Wadi Seer - located about 24 km south east of Amman, the high desert plateau suddenly disapears and the lush tree covered valley of Seer appears. 10 km from the village lies the ruins of Qasr al Abd (Castle of the slave) and the ancient Iraq al Amir (caves of the prince). The castles most interesting feature is the north entrance with one of the origional carved animals, a giant stone lion which pears over visitors. The origional estate and castle was surrounded by a wall and included a lake and a park. The castle is unique as it is built from some of the largest blocks in the Middle East and was flattened by a earthquake in 362 CE and has now been partially restored. About 500 m from Qasr on the left is a group of manmade canes cut from the rock known as Iraq al Amir. The 11 caves were once used as cavalry stables but today are used by villagers to house their goats.
Aqaba - Jordans only port town Aqaba has some fantastic beaches. Try Holiday beach or Aquamarine which has troops of traditional Arab dancers that sometimes perform. The waters around Aqaba are also perfect for scuba diving, deep sea fishing, snorkelling and boat trips to view whale sharks, flying fish and dolphins can be arranged.
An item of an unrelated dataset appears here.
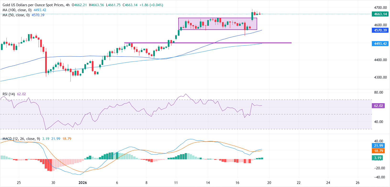 Bu satırların yazıldığı sırada, XAU/USD 4.663$ civarında işlem görüyor, 4.690$ civarındaki yeni tüm zamanların zirvesinin hemen altında konsolide oluyor ve gün için neredeyse %1,75 artış gösteriyor.
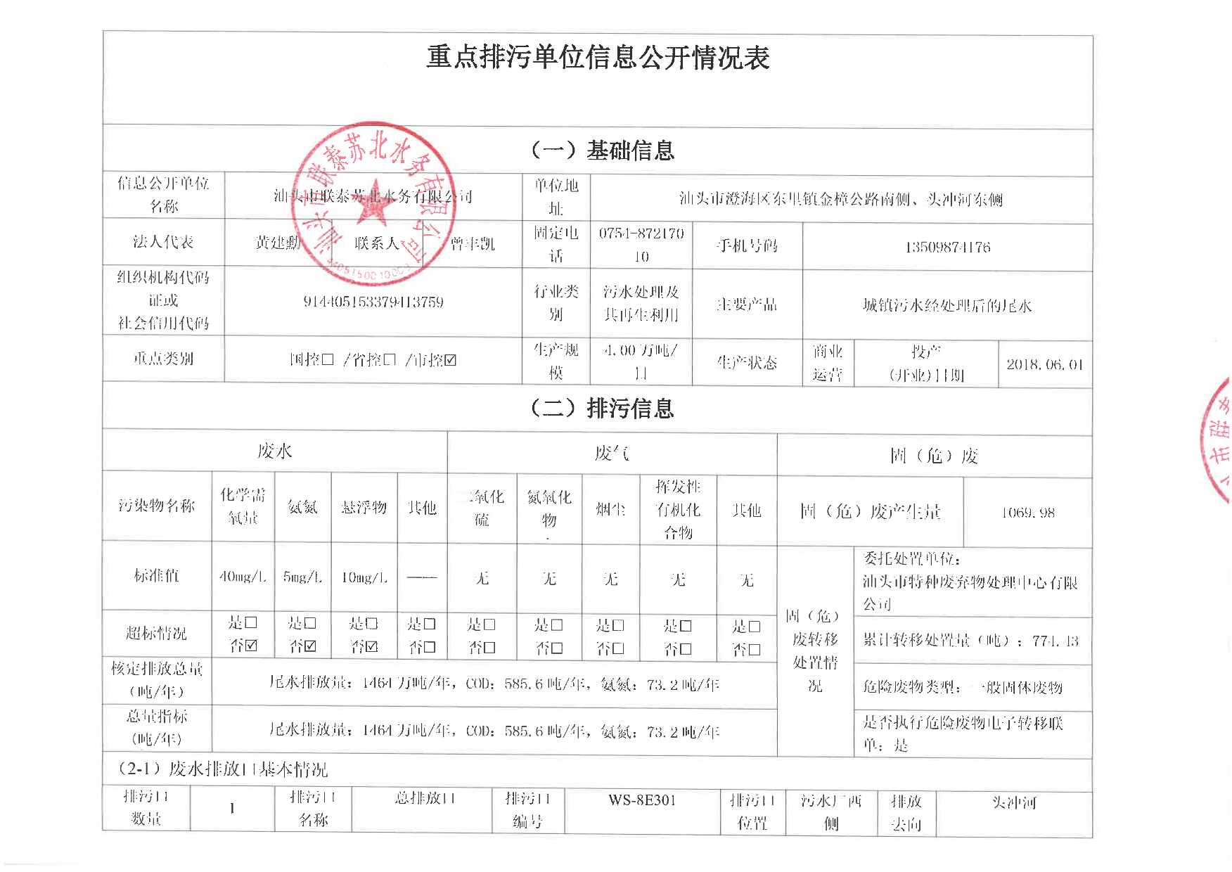 重點排污單位信息公開情況表

Dead Sea - lying in the salty waters of the Dead Sea and feeling weightless is a must when visiting Jordan. Near the north end of the Dead Sea in Suweimeh is a beach resort with a fresh water waterfall for rinsing. Please remember to always rinse your skin after being in the see, do not shave beforehand and take some eye drops with you.
Moving Around Jordan
The Jett Bus company runs between the major towns such as Amman to Aqaba, the King Hussein Bridge, Flammamat Main and Petra. Private bus routes run from Amman to Aqaba and Irbid.
A good way to travel to and between smaller cities is by minibus service but are usually crowded and rather iregular but are cheaper than private taxis on the same route. Taxis are however the fastest and most convenient way to travel. There is only one domestic air route in Jordan which is between Amman and Aqaba.
National festival and holidays
Ramadan - the biggest event on the Islamic calender is the month long fast where those of the Islamic faith eat nothing between sunup and sunset. It is best to be sensitive to this fact when visiting during Ramadan.
Eid al Adah - held around Februray. This is traditionally the time when muslims make their pilgramige to Mecca and is one of the big feasts of the year.